- **Task to complete**
Please, from the entries below, transcribe exactly the lines that begin at the line with "This article is" and end at the line with "在2025年第二季度,瑞斯康", without the pictures.

- **Records**
----

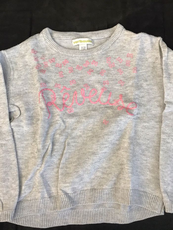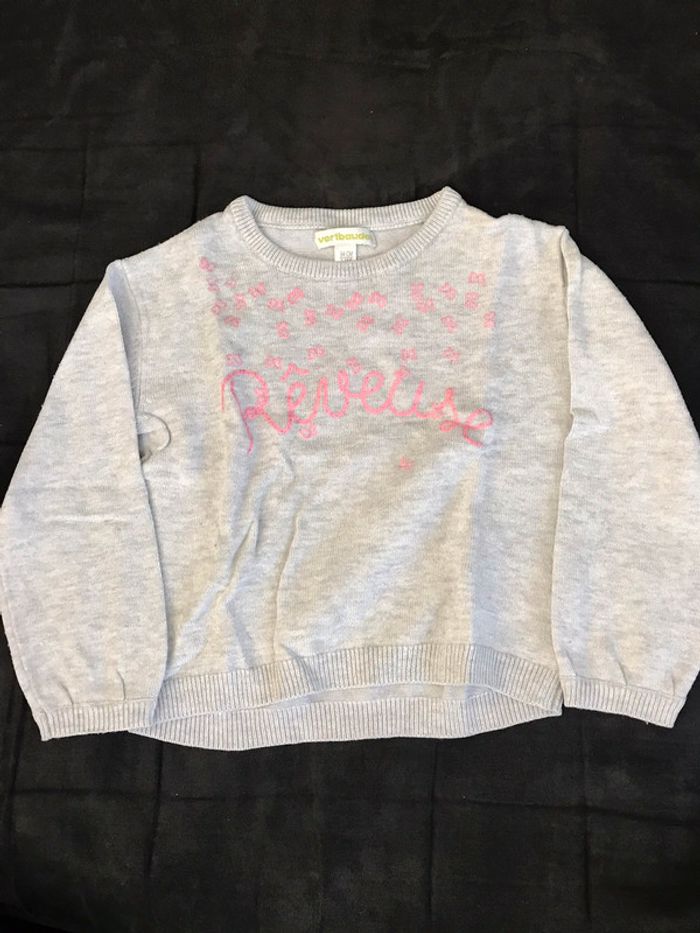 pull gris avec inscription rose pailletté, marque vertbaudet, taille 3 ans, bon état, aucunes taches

----

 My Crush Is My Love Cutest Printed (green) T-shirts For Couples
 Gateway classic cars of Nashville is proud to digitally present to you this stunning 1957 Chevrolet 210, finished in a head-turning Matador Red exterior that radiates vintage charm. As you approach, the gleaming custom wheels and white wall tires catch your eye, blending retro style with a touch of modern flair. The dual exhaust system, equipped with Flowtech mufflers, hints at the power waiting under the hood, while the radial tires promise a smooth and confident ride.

----

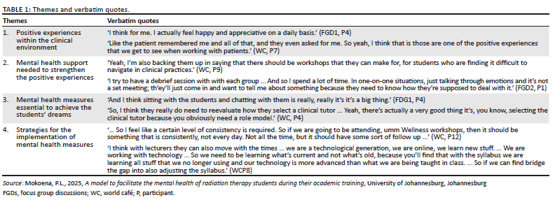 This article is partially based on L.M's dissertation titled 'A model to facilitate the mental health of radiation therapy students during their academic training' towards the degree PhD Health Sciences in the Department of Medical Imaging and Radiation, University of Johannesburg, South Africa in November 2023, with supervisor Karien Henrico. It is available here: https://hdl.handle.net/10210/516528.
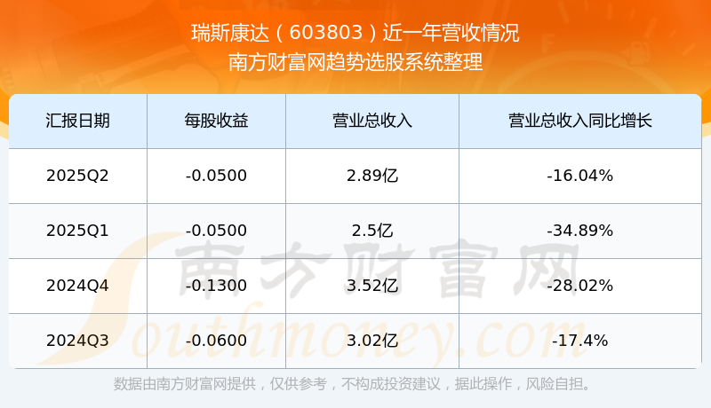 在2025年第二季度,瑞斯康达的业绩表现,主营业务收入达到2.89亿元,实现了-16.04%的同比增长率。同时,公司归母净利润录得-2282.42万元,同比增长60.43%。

----

- **Written solution**
 This article is partially based on L.M's dissertation titled 'A model to facilitate the mental health of radiation therapy students during their academic training' towards the degree PhD Health Sciences in the Department of Medical Imaging and Radiation, University of Johannesburg, South Africa in November 2023, with supervisor Karien Henrico. It is available here: https://hdl.handle.net/10210/516528.
 在2025年第二季度,瑞斯康达的业绩表现,主营业务收入达到2.89亿元,实现了-16.04%的同比增长率。同时,公司归母净利润录得-2282.42万元,同比增长60.43%。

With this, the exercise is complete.